Appellant A stelt dat de rechtbank ten onrechte de rechtsgevolgen van de vernietigde omzettingsvergunning niet in stand heeft gelaten. De Afdeling oordeelt dat de rechtbank terecht is uitgegaan van de ten tijde van de uitspraak geldende feiten en omstandigheden en het dan geldende recht (ECLI:NL:RVS:2021:2843). De rechtbank is gelet hierop terecht uitgegaan van de ten tijde van haar uitspraak geldende Huisvestingsverordening. Dat is de versie geldend van 16 januari 2023 tot 1 januari 2024. In deze versie van de Huisvestingsverordening bepaalt artikel 5.1, eerste lid, dat moet worden getoetst aan de regels ten tijde van de aanvraag (versie 1 jan. 2020 – 1 juli 2020), waarin geen vrijstelling gold voor woningvorming.
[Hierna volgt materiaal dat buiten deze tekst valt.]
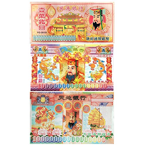ValuedTrade New! 10 Quadrillion Giant Hell Bank Note Set of 3 Joss Paper Incense Paper Ancestor
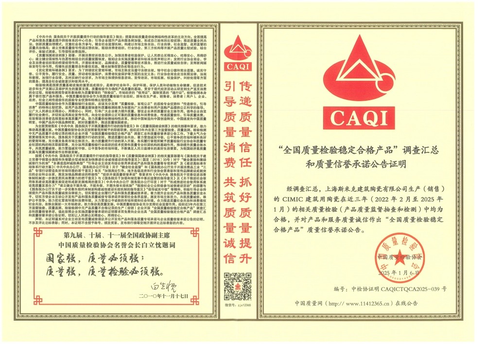 “全國質量檢驗穩定合格產品”調查匯總和質量信譽承諾公告證明
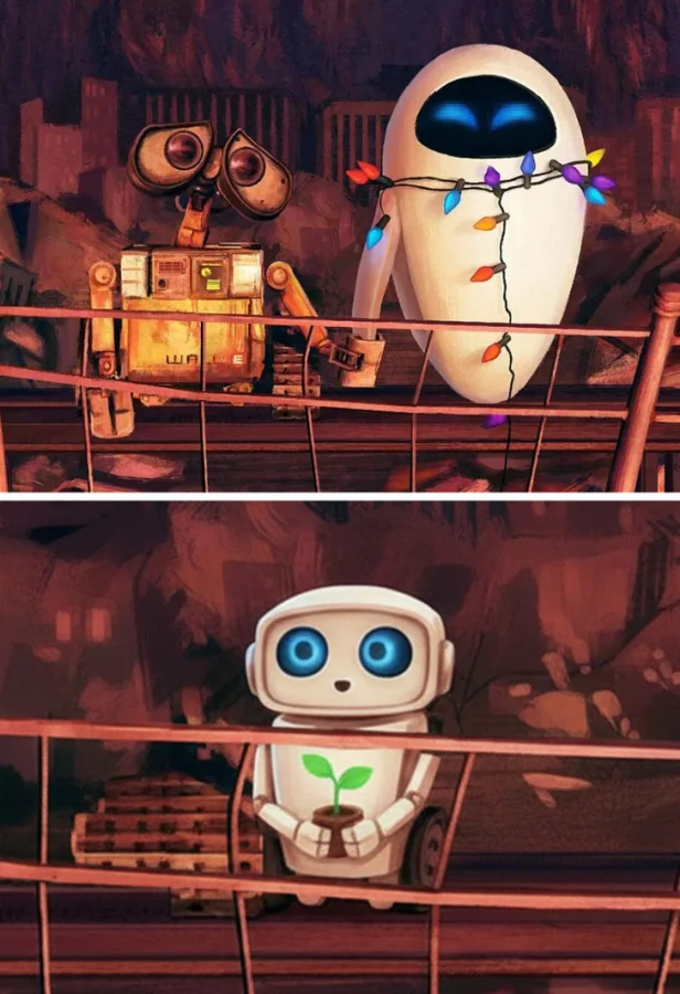 Бонус: милый малыш-робот и его родители ВАЛЛ-И и ЕВА из мультфильма «ВАЛЛ-И»
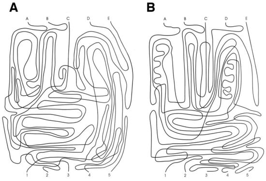 Following the original instructions [3], the GVT test is composed of two cards of 216 × 279 mm (i.e., US letter size, Figure 1). Each card consists of five separate intersected continuous lines in a twisted pattern. The task consists of rapidly and accurately “following with the eyes” each line without losing it. The task requires starting from each of the letters at the top of the page (A, B, C, D, and E), following the line from the letter to the corresponding number at the bottom of the page (1 to 5), and naming the number. The corresponding number and the execution times are both recorded. As a pre-test, the demonstration card is shown to the participant, and the instructions about the start, intersections, and ends are explained carefully. The demonstration card is intended to enable the instructions to be understood and to check that the subject possesses the minimum skills required to execute the test. When a participant could not follow a single line on the demonstration card correctly after three attempts, testing was halted because the required level of the minimum skill had not been attained.
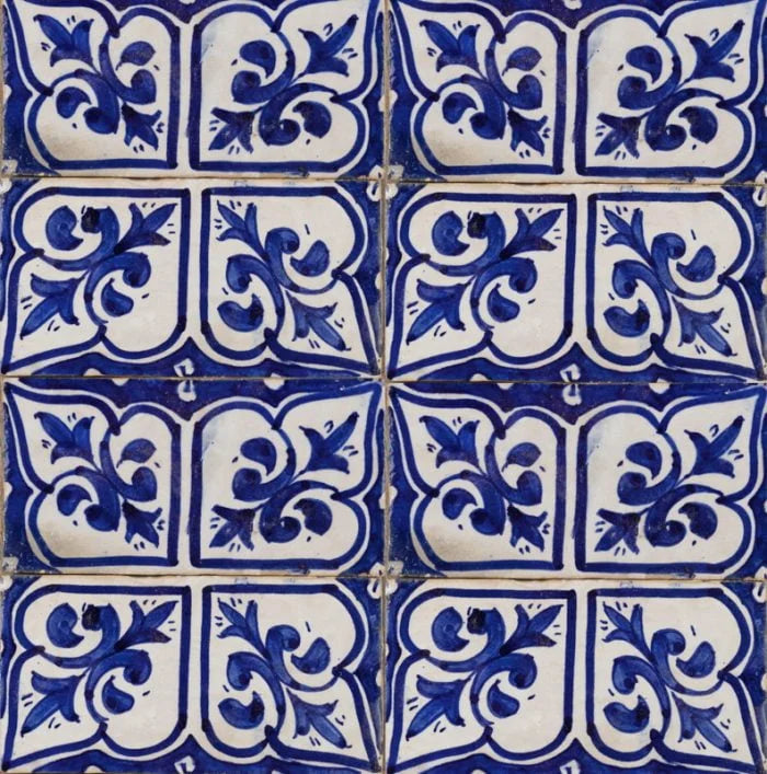 Essaouira Positano. Handmade moroccan tile coloured by traditional white and vibrant royal blue. The stunning Essaouira Positano captures the calming notion of the floral pattern with the cooling vibrancy of the handpainted blue and white pattern. Essaouira Positano for any interior, splash back features and exterior installations..

De rechtbank heeft terecht overwogen dat niet is voldaan aan de destijds geldende eis dat de te vormen woonruimten zelfstandig moeten zijn. Daarom was er geen grond om appellant A op zijn aanvraag van 23 maart 2020 een vergunning voor woningvormen te verlenen. De rechtbank heeft dan ook terecht geen aanleiding gezien om de rechtsgevolgen van het besluit van 25 mei 2021 in stand te laten. Het betoog faalt.

Beslissing van de Afdeling

De Afdeling bevestigd de aangevallen uitspraak van de rechtbank, verklaart het hoger beroep van het college niet-ontvankelijk en verklaart het hoger beroep van appellant A ongegrond.